MIAMI—Jason Baker, principal at Baker Katz, has worked with the likes of Sprint, Best Buy OfficeMax, Party City, Gold's Gym, and many others over his retail leasing practice. Through these experience, he's gleaned insights into how to get the deal done.
GlobeSt.com caught up with Baker to get his take on how he approaches retail real estate leasing transactions, the biggest challenges he faces, how he overcomes them, and more in part two of this exclusive two-part interview. You can still go back and read part one, “Retail Guru Shares Three Words: Pent Up Demand.”
GlobeSt.com: How do you approach retail real estate leasing transactions? And is it any different than how other firms approach it?
Baker: We are always mining for ways to create value for our clients. The type of value and approach varies based on each client's needs, but is always geared toward getting them the best space for the best possible price.
GlobeSt.com: What are biggest challenges that you've come across handling retail real estate leasing transactions? Can you give me specific examples from deals?
Baker: Delivering on our client's demands for irreplaceable space has been the biggest challenge this year and I don't see that stopping anytime soon.
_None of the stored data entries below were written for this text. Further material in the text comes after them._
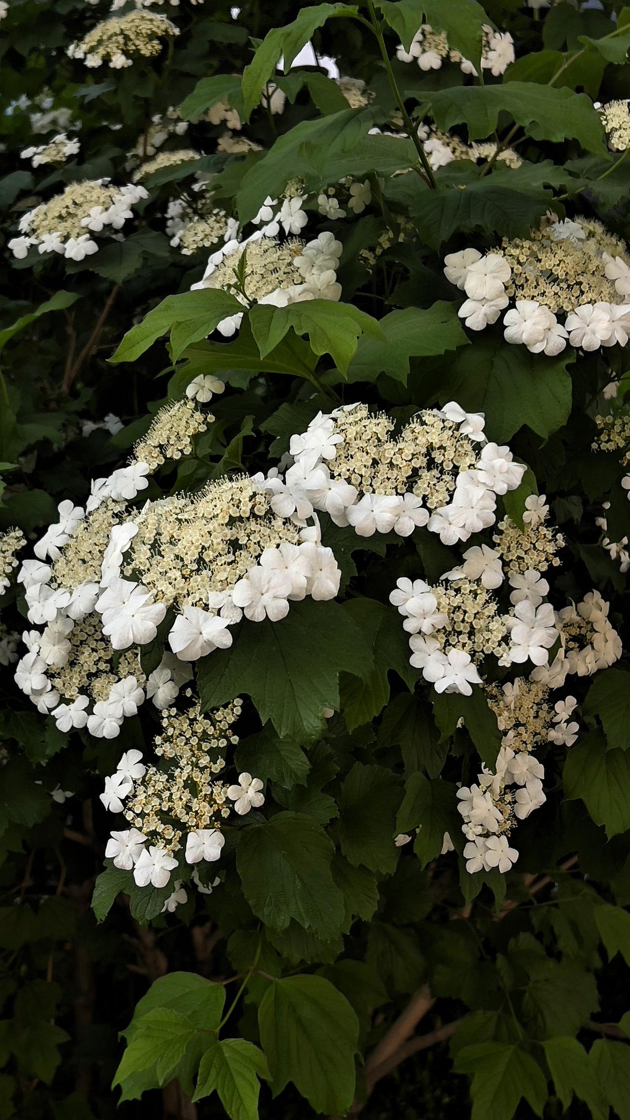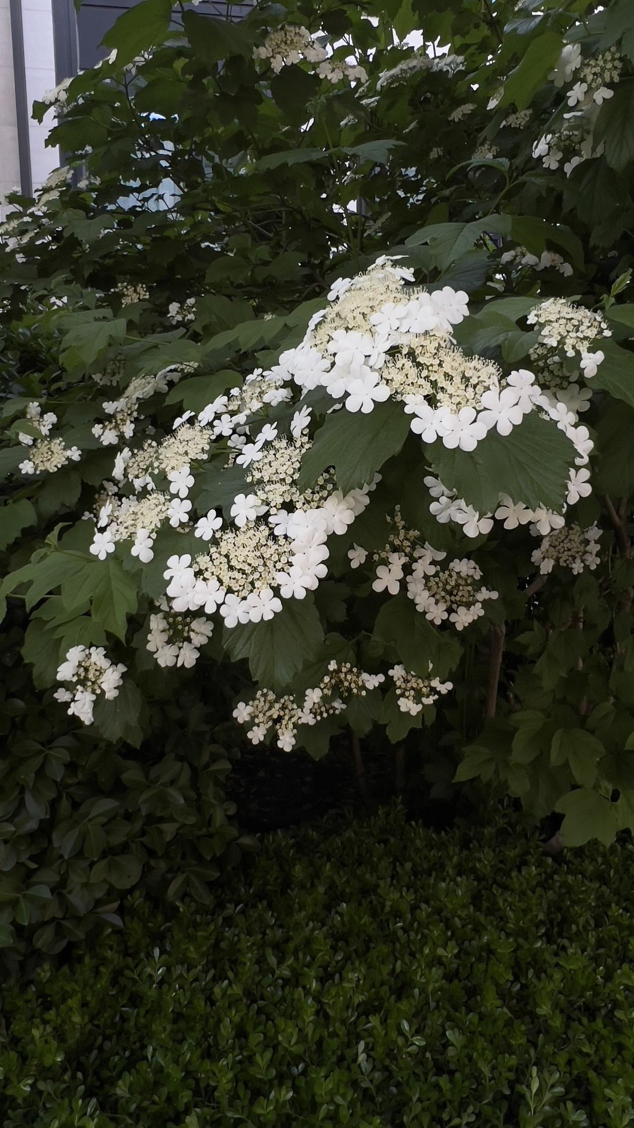 为我的真诚创作点赞!这是我在闺女家小区里拍摄到的白色花朵,查看了一下,白色花朵叫天目琼花,这开花的树叫鸡树条。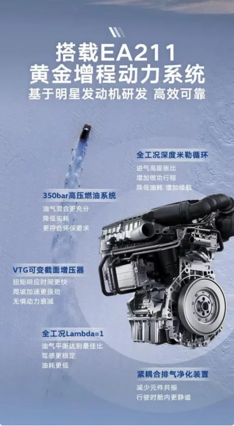 动力上,搭载EA211黄金增程器,搭配宁德时代65.2kWh大电池,CLTC纯电续航超400km,彻底告别里程焦虑,市区通勤纯电够用,长途出行从容无忧。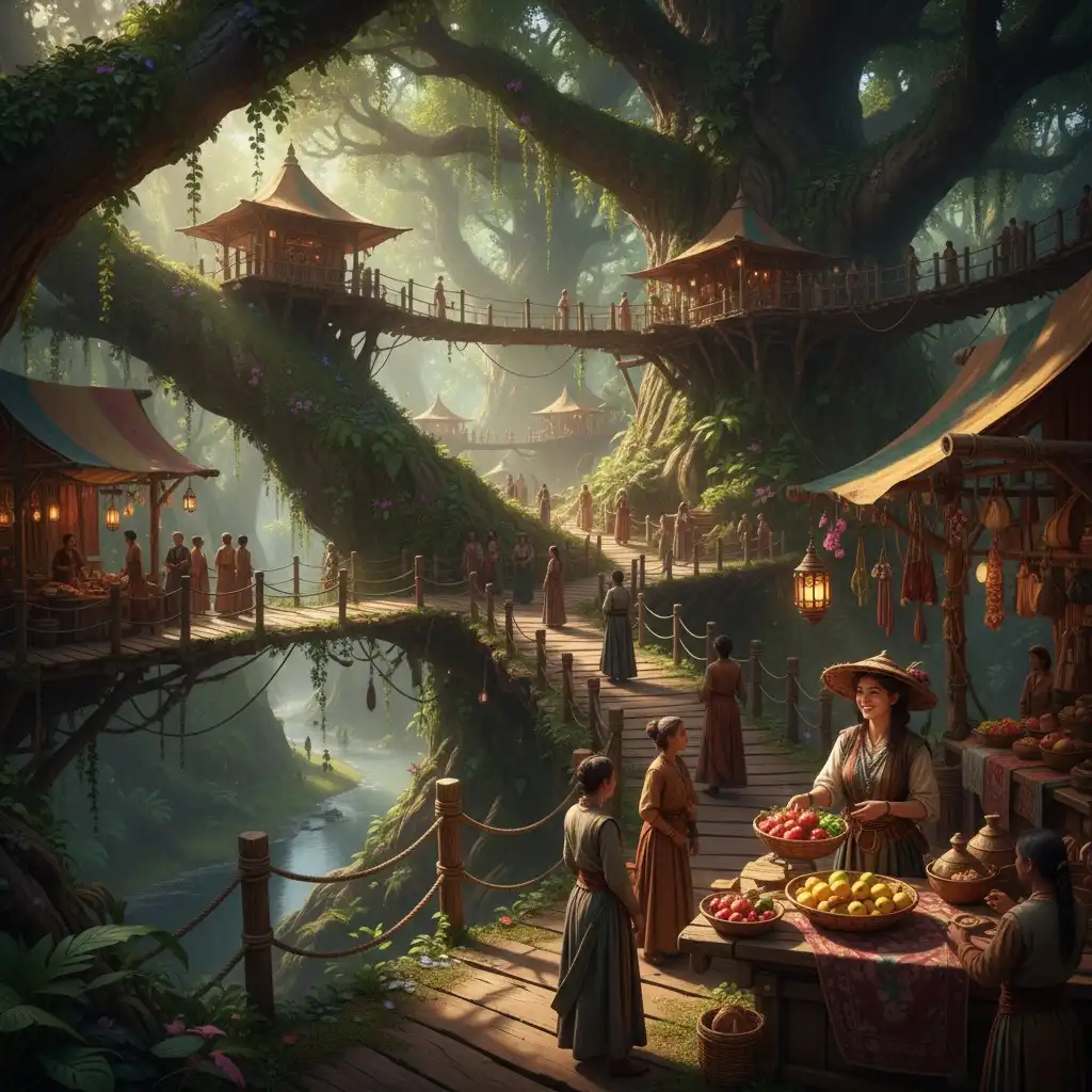 TreeTop is a multi-deck trading post built across interlocked branches of ancient canopy trees in the High Canopy. It serves as a waystation for climbers, gliders, and resin-haulers under the oversight of the Verdant Guild. Rope bridges, counterweighted lifts, and wind-sheltered decks make it a safe stop above Sky Lurker hunting zones.

Demand far outpaces supply right now, which has driven up the competition for space and therefore rent.
GlobeSt.com: How do you overcome those obstacles?
Baker: We maintain direct contact with both retailers and developers on a daily basis.
GlobeSt.com: What trends have you noticed in handling retail real estate leasing transactions?
Baker: Tenants and retailers are more open than ever before to accepting a sublease/assignment and paying “key money” to displace tenants.
GlobeSt.com: How do you expect the retail real estate market to change in 2014 and how will that impact how leasing transactions happen?
Baker: I expect to see some fall-out in the grocery segment as a natural side effect to the increased competition in the market. This will likely result in some closings, but I also believe that some of the big players may start coming together. Whether they align and merge or just begin absorbing vacant space, I can't be sure, but it is likely that we will begin to see this type of movement in the grocery segment.
In Houston specifically, two new power centers will begin construction in northwest Houston and Pearland, respectively. With this new development, we can expect more grocery store announcements, as well as some added retail space.